Have a question about this project? Sign up for a free GitHub account to open an issue and contact its maintainers and the community.

By clicking “Sign up for GitHub”, you agree to our terms of service and privacy statement. We’ll occasionally send you account related emails.

Already on GitHub? Sign in to your account

[RFC] Incremental Cache improvements #621

Open
khuezy opened this issue Nov 6, 2024 · 8 comments
Open

[RFC] Incremental Cache improvements #621

khuezy opened this issue Nov 6, 2024 · 8 comments

Comments

@khuezy
Copy link
Contributor

khuezy commented Nov 6, 2024

https://github.com/opennextjs/opennextjs-aws/blob/main/packages/open-next/src/overrides/incrementalCache/s3.ts#L43-L58

I had a conversation with the Vercel devs and they said that their cacheHandle makes use of lru-cache to prevent extraneous calls to S3 (or any external datastore).

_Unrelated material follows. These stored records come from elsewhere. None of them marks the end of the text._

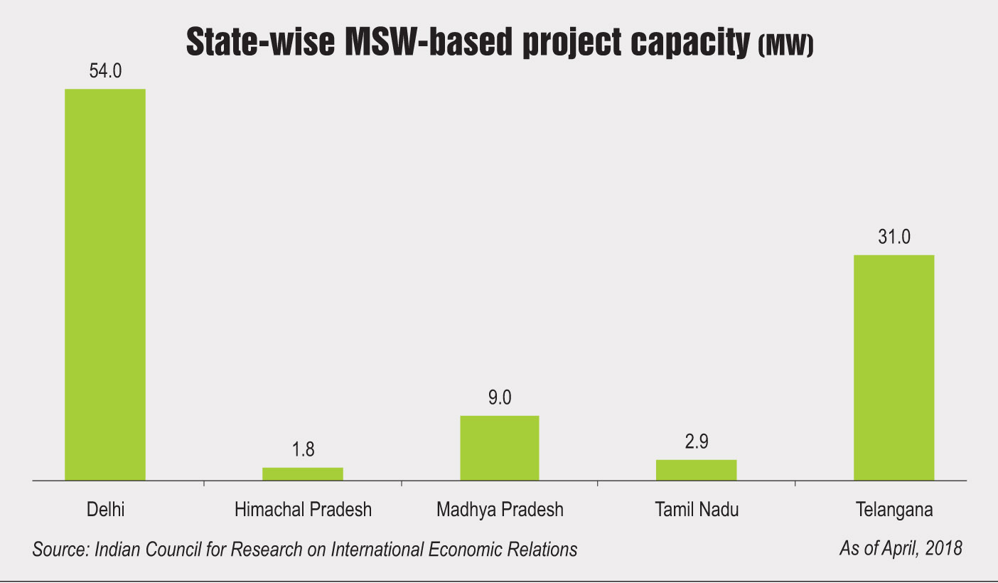 - MSW-based power projects: These projects require MSW to be segregated into refuse-derived fuel (RDF). As of April 2018, there were only eight MSW-based power plants in the country, aggregating a capacity of 98.65 MW. These plants are spread across five states, with Delhi accounting for the highest share of capacity as well as the highest number of plants.
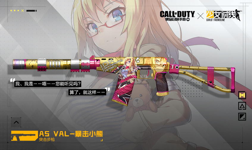 使命召唤手游将会在7月份开启与少女前线的联动活动,那么其中联动皮肤ASVAL暴击小熊到底怎么样,相信还有很多小伙伴不清楚,对此游戏爱好者小编特地为大家准备了相关的详细内容,让我们一起来看看吧!
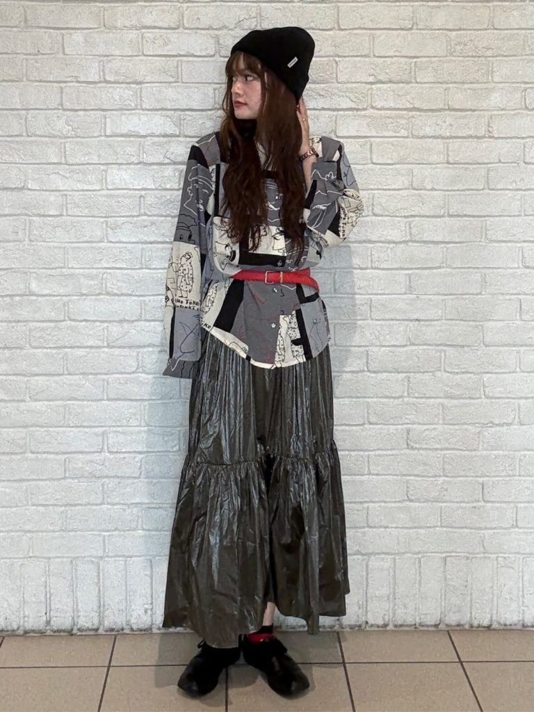 全体的に上品なシルエットながら、柄×素材感で個性を出したスタリング。プリントシャツと光沢感のあるティアードスカートを、色合わせで洗練させています。モードなハズしとして利いているのが、ニット帽と赤い小物たち。異素材の組み合わせを、より楽しげにまとめています。
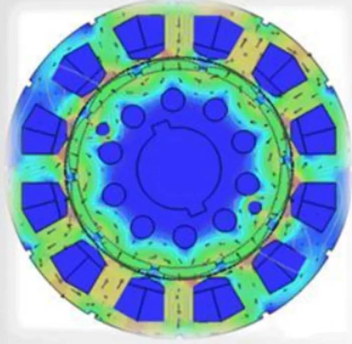 通常设计电机定转子之间气隙是均匀的,磁体下的气隙磁密分布会更接近于梯形波,有较多谐波。如果改为不等气隙,即磁体中央处气隙小,在极尖处有较大气隙,使磁体下的气隙磁通密度分布接近正弦波,有利于降低齿槽转矩。
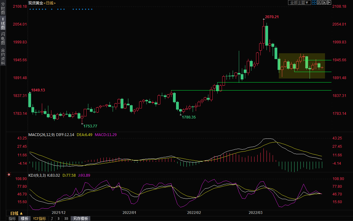 Bannockburn Global Forex董事总经理Marc Chandler表示,市场将密切关注美联储本周公布的3月货币政策会议纪要。会议纪要中出现的任何鹰派倾向都可能对金价构成压力。预计金价将试探1900美元左右的支撑位。
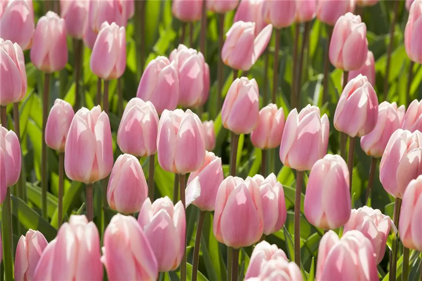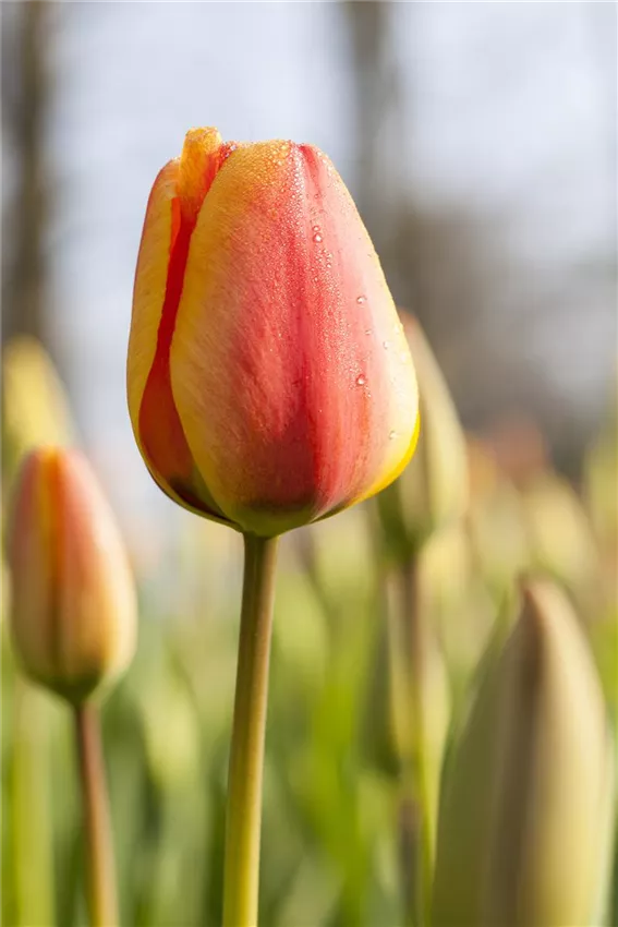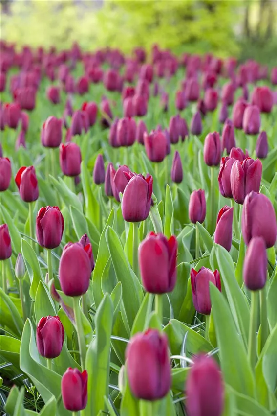 Triumph-Tulpen blühen etwas später als viele ihrer Artgenossen. Deshalb zählen sie zur Gruppe der Mittelfrühen Tulpen.Um das Jahr 1920 herum wurden sie aus einer Kreuzung zwischen Frühen Tulpen und Darwin-Tulpen gezüchtet. Damals noch in kleinstem Bestand gepflegt, zählen sie heute zu den wichtigsten Pflanzen für die Tulpenvermehrung, gerade auch für beschleunigtes Wachstum. Triumph-Tulpen haben farbenfrohe Blüten und einen festen Stiel, der bis zu 50 Zentimeter hoch werden kann. Ihre Blätter stehen aufrecht und unterstreichen die Präsenz der Blüte mit einem frischen Grün. Dadurch sind Triumph-Tulpen etwas größer als frühblühende Sorten und eignen sich hervorragend als Schnittblumen. Ihre breite Kelchblüte präsentieren sie von Ende April bis Mai. Es gibt sie in allen möglichen Farben: von hellen Weiß- und Gelbtönen bis zu dunklem Violett. Viele Blüten sind zweifarbig gemustert.
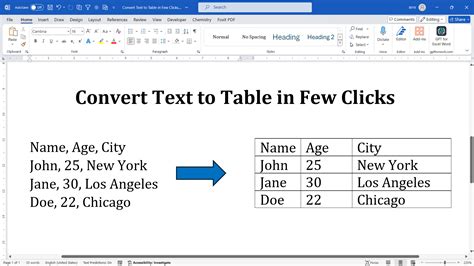 convert text to table in word
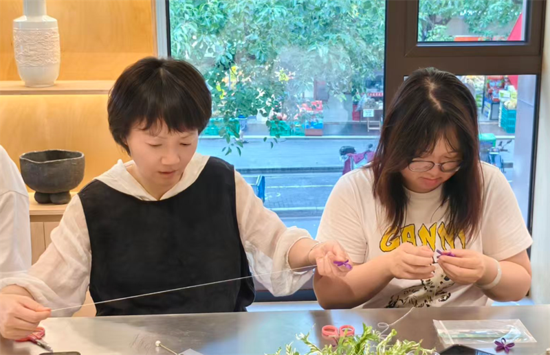 此次活動是“傳統技藝進社區”系列的重要一站,旨在通過沉浸式體驗讓青年群體成為非遺文化的“代言人”。秋分日,涼風有信;盤扣成,匠心永續。當傳統技藝遇上青春創意,當社區空間變身文化課堂,這場秋日里的文化之約,不僅讓非遺“活”了起來,更讓青年與傳統文化、生態保護“心手相牽”。正如周冰旋老師所言:“每一顆盤扣都是時光的禮物,而年輕人,正是讓這份禮物與美好環境煥發新生的使者?!保ㄉ蚣延?、許寅)
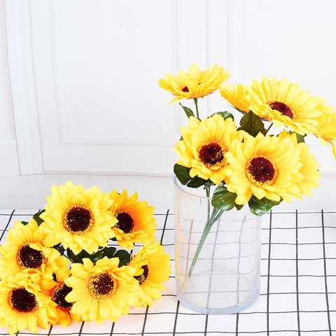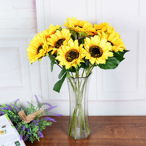 ดอกทานตะวันผ้าไหมเทียมสำหรับงานแต่งงานงานปาร์ตี้ที่บ้าน
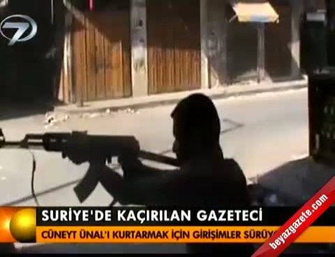 Suriye'nin Halep kentinde kaybolan Türk kameraman Cüneyt Ünal'ın görüntüsü, Suriye'nin resmi televizyon kanalı El-Ahbariye'de yayımlandı.
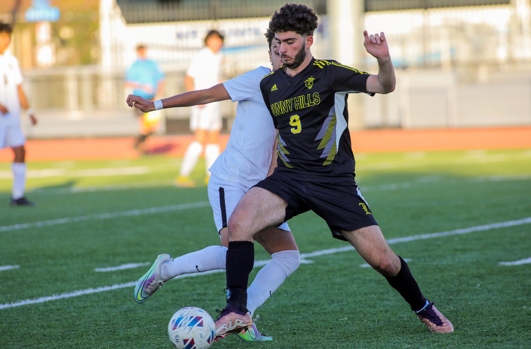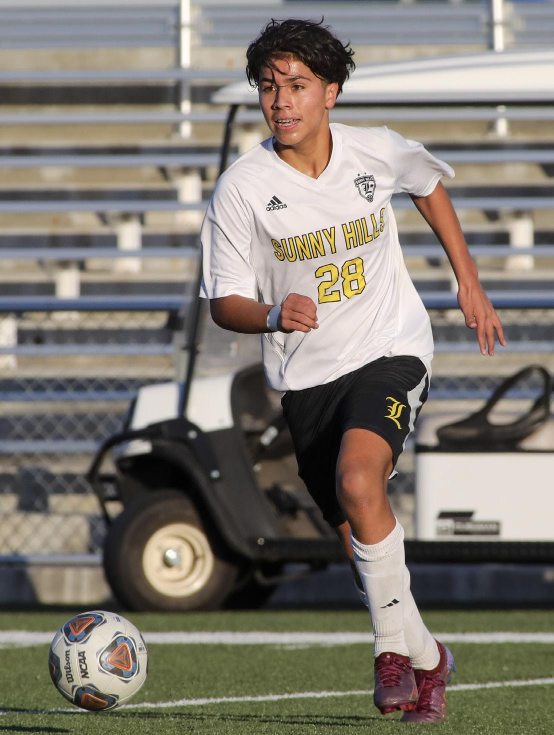 HUSTLE BACK: Center midfielder junior Henry Garcia dribbles the ball down the field on Jan. 4 against the Fullerton Tribe at Fullerton Union High School. The Lancers came out on top with a 1-0 victory. CAN’T STOP, WON’T STOP: Outside midfielder senior David Rezko drives the ball past his opponent on Feb. 1 at home against Sonora. The Lancers beat the Raiders 8-0 to close out the Freeway League season and secure the first place title. “DUBS” ALL DAY: The boys soccer team poses with “W” signs to represent its CIF-SS Division 1 semifinal win against the Citrus Hill Hawks on Feb. 18 at Citrus Hill High School. WIN AT ALL COSTS: Center midfielder sophomore Ethan Castro fights for the ball against the Citrus Hill Hawks on Feb. 18 in the CIF-SS Division 1 semifinals at Citrus Hill High School. The Lancers won 1-0.
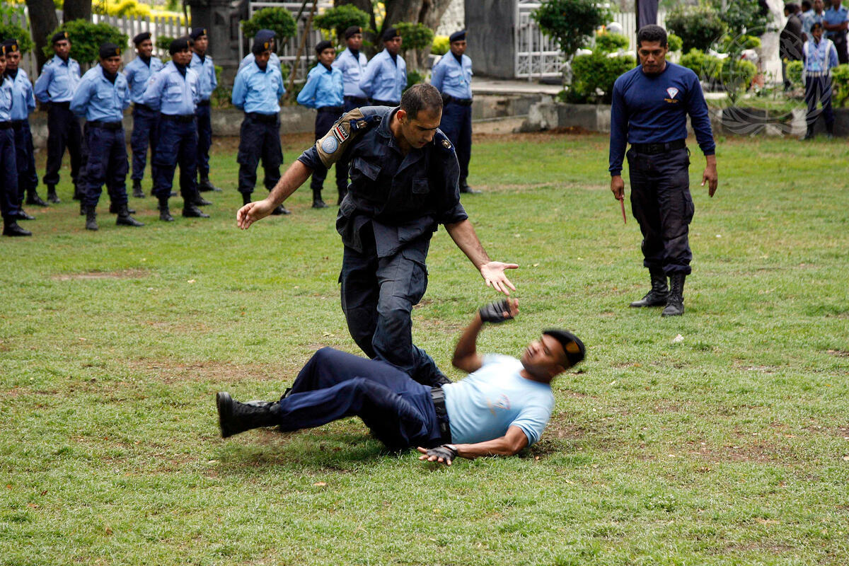 A United Nations Police (UNPOL) instructor (centre) teaches new tactics to Timorese National Police (PNTL) officers, as part of the on-going efforts of the United Nations Integrated Mission in Timor-Leste (UNMIT) to reform, restructure and rebuild PNTL.
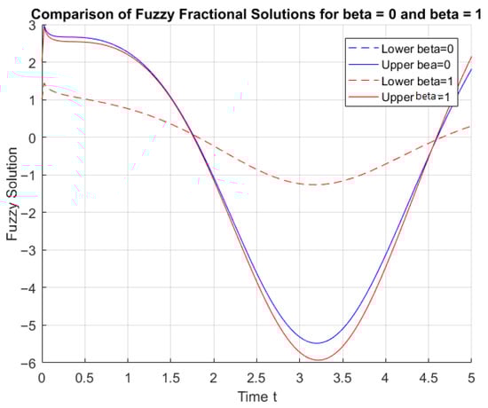 The numerical results in Figure 3 demonstrate that the fuzzy solution for the Hilfer-type fractional differential equation with order displays dynamic behavior under two distinct settings of the type parameter; namely, and . The solution—represented as a fuzzy interval bounded by its lower and upper routes—was computed using the integral form with cosine family operators and a convolution kernel defined by a probability density function. For , which corresponds to the Riemann–Liouville-type Hilfer derivative, the solution develops more quickly and has a wider range in its fuzzy limits, indicating higher sensitivity to the initial conditions and greater propagation of uncertainty. This is to be expected, as the Riemann–Liouville derivative gives greater weight to the system’s prior conduct. In contrast, in the situation where , the Caputo-type behavior leads to smoother dynamics and a shorter fuzzy range. This implies that the influence of the initial data deteriorates more gradually and that the solution behaves more consistently over time. Moreover, the apparent oscillations in the solution are caused by the cosine family , which regulates the structure of the underlying evolution system. These oscillations are superimposed on top of a generally increasing trend due to the non-linearity in the source term and the interaction with the fractional kernel.
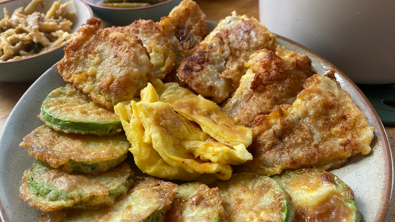 제사 음식이다, 가족 간 모임이다 해서 이래저래 할 게 많고 탈도 많고 말도 많은 한국사회의 명절 풍경이지만, 막상 제주에 떨어져 나와 살다 보니 그것도 그리운 풍경이 된다. 그렇게 지겹던 전과 갈비도 명절이 되면 생각이 나는 것이다. 전 붙일 때의 기름 냄새란 고된 노동의 향기로 각인되어 있지만 그 마저도 생각난다. 그래서 누가 시키지도 않았는데 명절에는 전을 부친다. 물론 제사 지낼 때처럼 각종 전들을 종류별로 만들지는 않지만, 그래도 꼭 빼놓지 않는 건 역시 호박전과 동태전. 전을 부쳐본 사람이라면 알 것이다. 노릇하게 익은 전을 뜨거울 때 간장도 안 찍고 입에 넣었을 때의 그 맛을. 호박은 달달하고 생선은 포슬포슬 녹아내린다. 기름의 고소함과 따뜻함이 만나 재료의 맛이 최상으로 상승한다. 그래서 갓 부친 전의 그 달콤함을 잊지 못해 오픈 준비에 바쁜 아침 시간을 쪼개 굳이 전을 부쳐 먹는다. 바쁘니까 호박전과 동태전 두 종류만. (어쩌다 여유가 되면 동그랑땡도 만들지만 역시나 동그랑땡은 손과 시간이 많이 가므로 웬만하면 패스) 양이 적은 나로서는 밥과 함께 먹으면 그것만으로도 충분하다. 찌개나 국을 곁들이면 더더욱 좋겠지.
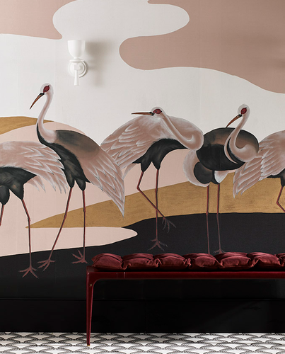 Created on a range of silk grounds without embroidery or figurative painting, these wallcoverings can be used as plains or as backgrounds for our designs. Craft techniques abound, from gilding to lacquer finishing, with unique dyes, metallic washes and traditional techniques adding depth and variety.

When I was using sst NextjsSite, I noticed lots of S3 hits too:

async get(key, isFetch) {
    const result = await s3Client.send(
      new GetObjectCommand({
        Bucket: CACHE_BUCKET_NAME,
        Key: buildS3Key(key, isFetch ? "fetch" : "cache"),
      }),
    );

    const cacheData = JSON.parse(
      (await result.Body?.transformToString()) ?? "{}",
    );
    return {
      value: cacheData,
      lastModified: result.LastModified?.getTime(),
    };
  },

Whenever a page is reloaded, it would make the S3 call due to the get. Is this correct behavior? Or should we place lru-cache here before hitting S3? eg if cache is null or is stale.

CC: @conico974 @vicb

@conico974
Copy link
Contributor

From what i've understood of what they're saying and also observed it myself the way it works in our case is exactly how we want it to work.

Except for PPR cases (which are special), this will get called in 2 situations

  • Either for an ISR/SSG route (only if not cached by the CDN)
  • Or for the fetch/unstable cache if used (can be the case in SSR if configured to do so)

It can become costly when you use the fetch cache a lot (especially in SSR) or very low revalidation time with a lot of pages, but that's kind of expected.

As far as i know they use an LRU cache only in standalone and in single instance.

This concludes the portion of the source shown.